Я сама видела, как они шли по Невскому. Студенты, студенты, студенты, все в католическую церковь. Я сидела тогда в карете перед магазином Алпатова, где мама покупала чай.
Это была странная выходка, на трезвый взгляд даже довольна безобразная. Наши студенты хорошо делали, что сближались с товарищами, но что служили они панихиду по убиенным полякам, — было бы натяжкой, если бы не было демонстрацией; а на демонстрацию можно бы было найти и другой случай, — их было довольно.
Правительство смолчало, тогда, сорвало гнев свой на одном Андрюше, да несколько поляков было взято[2]. А наши студенты не удовольствовались своим пилигримством. Они еще письменно изложили свой подвиг, и скрепили своими именами. Но вот как все было, — ведь все стушевывается временем, забывается, лучше же рассказать, что еще помнится.

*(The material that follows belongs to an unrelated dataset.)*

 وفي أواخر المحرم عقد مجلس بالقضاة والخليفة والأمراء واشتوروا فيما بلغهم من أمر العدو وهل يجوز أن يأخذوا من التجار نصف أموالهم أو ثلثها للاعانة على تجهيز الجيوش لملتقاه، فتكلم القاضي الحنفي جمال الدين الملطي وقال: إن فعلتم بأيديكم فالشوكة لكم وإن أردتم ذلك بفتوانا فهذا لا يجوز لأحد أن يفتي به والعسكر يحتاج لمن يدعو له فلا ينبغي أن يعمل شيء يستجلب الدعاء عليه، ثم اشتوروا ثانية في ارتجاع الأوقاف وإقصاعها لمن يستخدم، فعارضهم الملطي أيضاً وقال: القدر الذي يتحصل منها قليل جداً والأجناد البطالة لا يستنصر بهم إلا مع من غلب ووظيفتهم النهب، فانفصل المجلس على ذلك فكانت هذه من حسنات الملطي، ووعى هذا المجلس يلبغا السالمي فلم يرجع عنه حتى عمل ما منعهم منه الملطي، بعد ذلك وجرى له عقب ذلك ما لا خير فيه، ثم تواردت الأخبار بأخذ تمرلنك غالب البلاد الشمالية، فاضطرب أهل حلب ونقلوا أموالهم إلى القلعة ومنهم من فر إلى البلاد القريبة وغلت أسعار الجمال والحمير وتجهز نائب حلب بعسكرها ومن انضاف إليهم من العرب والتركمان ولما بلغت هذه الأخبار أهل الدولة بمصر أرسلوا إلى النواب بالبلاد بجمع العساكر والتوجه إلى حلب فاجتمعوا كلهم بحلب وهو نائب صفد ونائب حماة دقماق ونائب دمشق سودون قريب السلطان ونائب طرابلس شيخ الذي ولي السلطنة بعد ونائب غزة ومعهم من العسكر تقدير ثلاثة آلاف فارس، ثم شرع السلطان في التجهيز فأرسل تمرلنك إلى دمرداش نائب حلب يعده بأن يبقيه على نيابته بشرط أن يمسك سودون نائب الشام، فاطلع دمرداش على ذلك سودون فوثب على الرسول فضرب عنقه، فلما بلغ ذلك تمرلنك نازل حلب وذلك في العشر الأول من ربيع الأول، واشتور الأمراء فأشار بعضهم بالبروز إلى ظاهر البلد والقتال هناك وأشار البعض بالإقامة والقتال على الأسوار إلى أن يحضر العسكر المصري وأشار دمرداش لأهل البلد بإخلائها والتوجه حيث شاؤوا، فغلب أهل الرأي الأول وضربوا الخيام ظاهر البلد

Студенты ходили служить панихиду[3], должно быть, в средине марта 1861 года. Помню, что день был чудесный и что их шло очень много и что это было часу в третьем, в самый разгар гулянья. В церкви они пели польский гимн.

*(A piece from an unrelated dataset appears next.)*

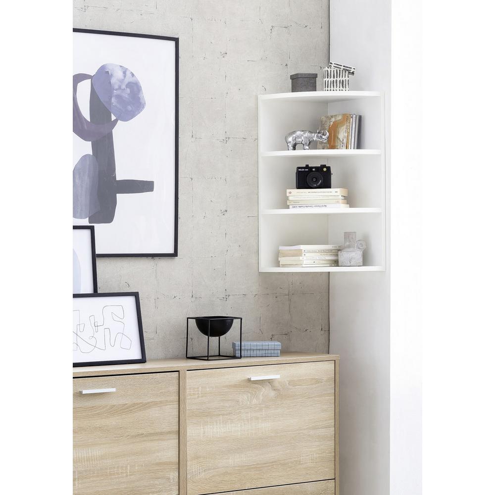 Tento výrobok je k dispozícii IBA ONLINE. Dodanie je zadarmo. Tento závesný rohový regál, od značky CARRYHOME v bielom dekore, je vhodný na prezentáciu dekoratívnych predmetov, obľúbených zberateľských vecí alebo kníh. So svojimi …

В их числе было несколько кадет. Один полковник вошел в церковь и, увидав, что там: происходит, и заметив кадет, принялся записывать их имена. Студенты ловким маневром укрыли собой кадет и, став между ними и полковником, теснили его помаленьку, и вытеснили, наконец, на паперть и с паперти; он, говорят, упал, или чуть не упал (уж я теперь не помню) на улицу. Конечно, все это не обошлось без крупных слов, на полковник уехал, не записав никого.

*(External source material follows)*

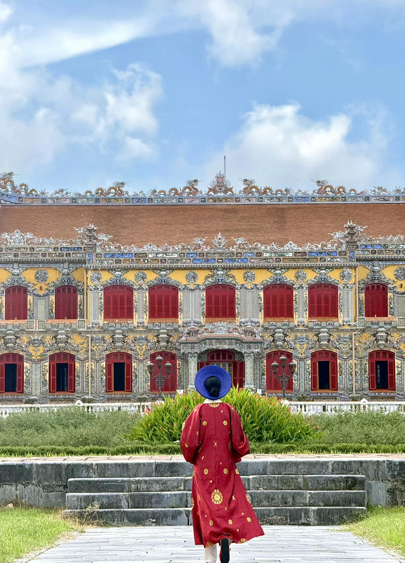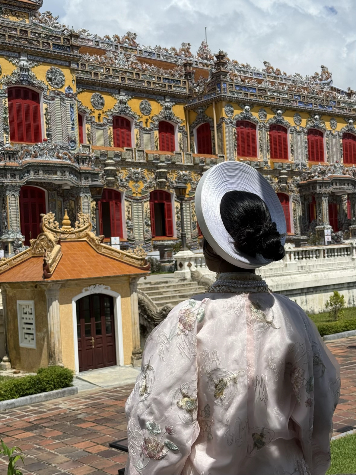 Trong khung hình, phía trước là một khoảng sân rộng, nơi từng nhóm người đang di chuyển chậm rãi. Điều đặc biệt nằm ở chỗ gần như tất cả đều mặc cổ phục. Người thì áo dài ngũ thân, người diện nhật bình, có người còn đội khăn đóng, cầm quạt,... Không gian xung quanh là cung điện cổ kính, mái ngói vàng, tường đỏ, tất cả hòa vào nhau tạo thành một bức tranh mà nếu không để ý, rất dễ nghĩ đó là… một cảnh quay phim cổ trang.

Вечером мы были у Ливотовой. Там только и говорилось, что о подвиге студентов. Кто этот полковник? В «Колокол» его! Подавайте нам его имя! — кричали самые горячие. Но имен никто не подал, и горячие кипятились понапрасну.
Что такое это было? Слышите этот восторг, это одобрение всего, что сделали студенты, негодование против полковника и нынешнее негодование тех же самых людей против Маши Михаэлис, бросившей букет Чернышевскому. И это не единственный пример поощрения старшим поколением молодого поколения. И ему ли теперь отрекаться от своего произведения, от своих собственных детей, незаконных, может быть, но все же своих, и сваливать все на поляков. Или оттого старое поколение и отрекается от молодого, что оно незаконное? Полноте, ведь это грех юности. И кто господу не грешен, царю не виноват!
Про царя я вспомнила, ей-богу, вам не в упрек.
Среда, 26 августа.
Вчера, в проливной дождь и совершенно неожиданно приезжали Лавровы. Мы им весьма и весьма обрадовались. Они привезли «Небожественную Комедию» Красинского, и Лавров ее прочитал. У него она в рукописи переведена, не знаю, кем, для «Заграничного Вестника», но, вероятно, не пройдет цензуру. Не то, чтобы направление в ней было нецензурно, но слова иные нецензурные, а из песни слова не выкинешь. Красинский — мессианист, и свое направление дал и драме. Эта драма — борьба 1848 года, представленная чрезвычайно фантастически. Вообще во всем произведении сила фантазии изумительна и чрезвычайно изящна.